Sentía el suave abrazo de lo extraño a mí alrededor, al ver tu figura recortando la Luna sepia, al sentir tu voz girando con vapores de frío intenso. Muchas cosas que quise no sucedieron, otras que no pensé, pasaron a lo lejos.
Tus palabras que se evaporaban, atrapando chispas de agua y luciérnagas invisibles. Esa voz leve, se llevaba mis letras sueltas en la noche temprana. El árbol te llamaba y fuiste, y yo te seguí, solo por verte.

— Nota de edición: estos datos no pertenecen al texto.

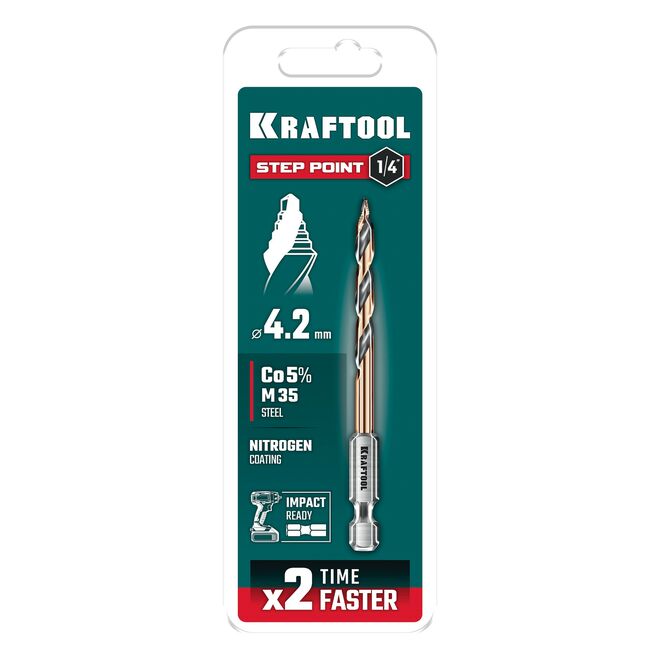 KRAFTOOL STEP POINT, d 4.2 х 83 мм, сверло по металлу для винтовёртов и шуруповертов IMPACT READY (29653-4.2)

Los chicos daban saltos, corrían sobre las cornisas, en balcones inventados. En lo alto los destellos de alpaca y plata se mezclaban con el tinte dorado, rojizo del sol anciano. Tus ojos de aguamarina, y suspiros que anhelaban paz.

Epifanía de una tarde solitaria. Cuando el sol se iba lentamente, y los algodones parecían pintados en el azul confuso. Las notas acariciaban nuestras almas y algunas, las más largas y cadentes, traían consigo unas pocas lágrimas melancólicas. Al final quedó la Luna opacando las estrellas y nosotros bajo su influjo.

Él, encendido en un torbellino de emociones.
Ella, hermosa y fugaz como un sueño.
Yo, perdido entre tanta belleza irreal.